As a Mayo man, I fear danger every time I go to Croke Park.
More often than not, especially on big days, there have been plenty of grounds for my concerns as another team in green and red head back across the Shannon with no silverware to show for their efforts. Rarely, however, have I actually felt in fear of my life approaching GAA headquarters, or at least I didn’t until I made my way to do the Etihad Skyline tour in the hallowed stadium earlier this afternoon.
The idea of talking a stroll around the roof of the stadium, some 17 storeys and 44 metres above ground level was far too scary for some of my vertigo-suffering colleagues to even bear thinking about (not mentioning any names like Shane Breslin or Sean Nolan... oops), so I stepped up to the plate, with jokes about a Mayo man finally enjoying a high in Croke Park ringing loudly in my ears.
Thankfully my fears for my livelihood proved groundless, which is an appropriate word under the circumstances, particularly for the small stretch of the walkway suspended over the pitch at the Davin End.
We are often quick to criticise the GAA in this country, so we should also be quick to give them credit where it’s due and they deserve an awful lot of kudos for this attraction, which opened to the public only a few weeks ago. The views of the stadium itself from above are spectacular, but as well as that there is probably no better vantage point from which view the city of Dublin itself, especially on one of the rare fine days which we were fortunate to experience today.
On a clear day, you can see for miles around and the walking tour stops at five different platforms to give patrons the chance to see the various city landmarks such as the Guinness Brewery, the Spire, parts of Glasnevin Cemetery, the Aviva Stadium and even the Dublin Mountains way off in the distance.
People who don’t have a particularly good head for heights will obviously worry about being so far out of their comfort zone, but having done both, I can assure you that sitting in the upper tiers of the Cusack or the Hogan is a far scarier experience than walking around the stadium with the roof just below you.

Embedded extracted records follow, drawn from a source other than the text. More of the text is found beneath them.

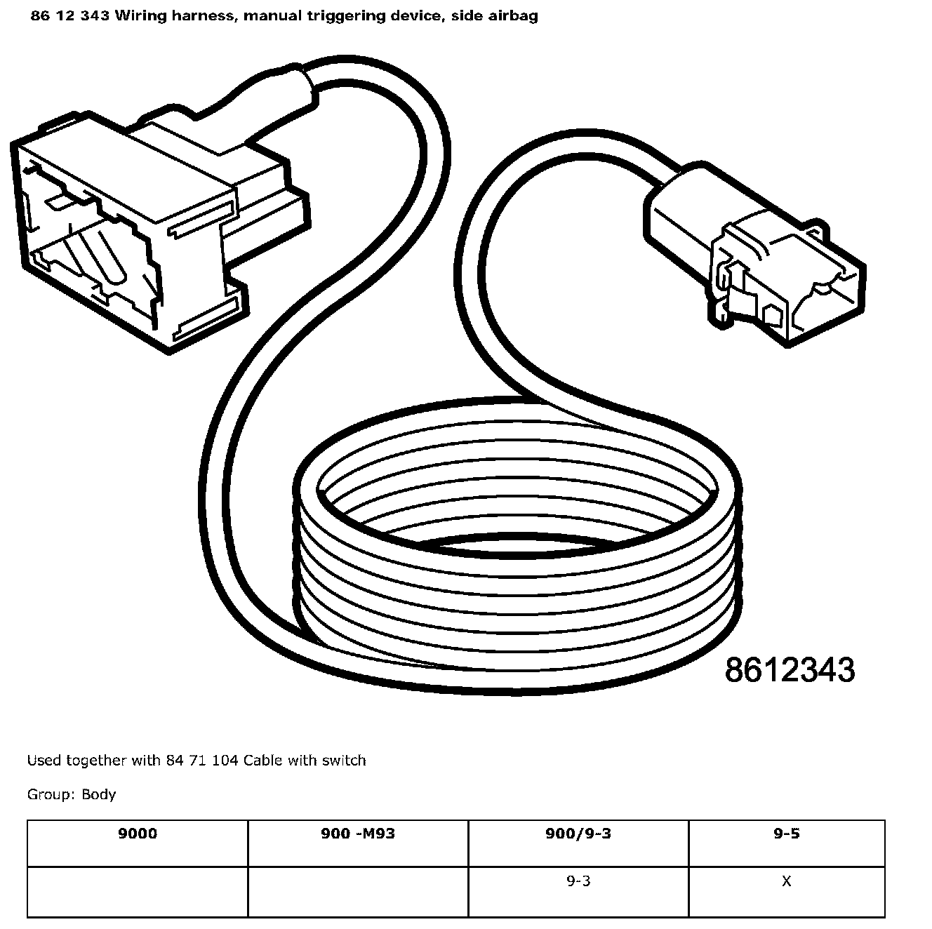 86 12 343 Wiring Harness, Manual Triggering Device, Side Airbag:
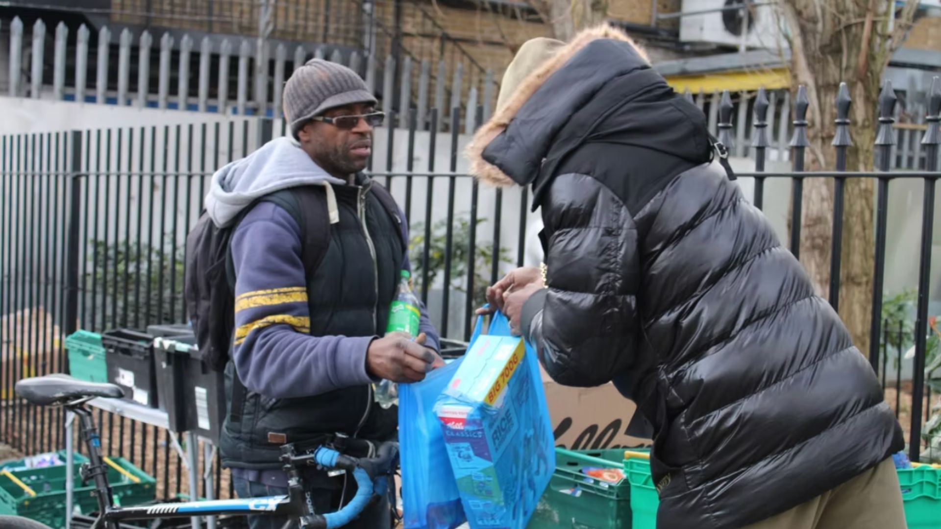 When Big Issue visits – after an afternoon spent interviewing City of London bankers – set-up is in full swing. Crates line the square: fresh fruit and veg; canned goods, sausages, sandwiches, bottles of water, stir-fry kits. Volunteers buzz around, chatting with attendees and catching up.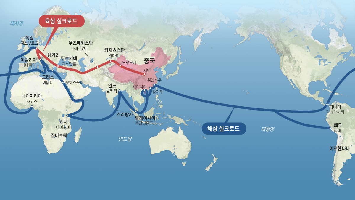 미·중은 이러한 경쟁 속에서 세계 각국을 자신의 편으로 서게 하기 위해 많은 노력을 기울여 왔습니다. 미국은 민주주의·자유경제 이념을 공유하는 유럽 등 서방 국가 및 이스라엘, 그리고 동아이사의 한국·일본·대만 등과 함께 중국을 고립시키고자 애써왔고, 중국은 일대일로(一带一路)로 대표되는 육해공으로 잇는 인프라·무역·금융·문화 교류의 경제벨트를 구축하면서 중앙아시아 및 파키스탄, 스리랑카 등 남아시아 국가, 그리고 아프리카 국가들까지 제3세계 국가들을 끌어들이고 있죠.

The only real time your legs might get a little jelly-like is on the aforementioned walkway at the Davin End and besides, you don’t have to do it if you don’t want to and there’s an optional harness to strap you in if looking down directly at the pitch below makes you weak at the knees.
Thrill seekers will be excited to know that there are plans to eventually introduce a zip-line that will take you from the Davin End all the way down to Hill 16 faster than a good Brendan Cummins puck out, but that’s a while away yet.
As it is, it’s still an excellent attraction and well worth a visit. Don’t take it from just me, however. A photographer in my exclusive media party of seven (they can take groups of up to 30) told our lovely tour guide Niamh Egan that he’d give the tour ten out of ten, a remark that was met with approving nods all around.
Like me, he couldn’t recommend it ‘highly’ enough (Awful pun honestly not intended... OK maybe a little intended).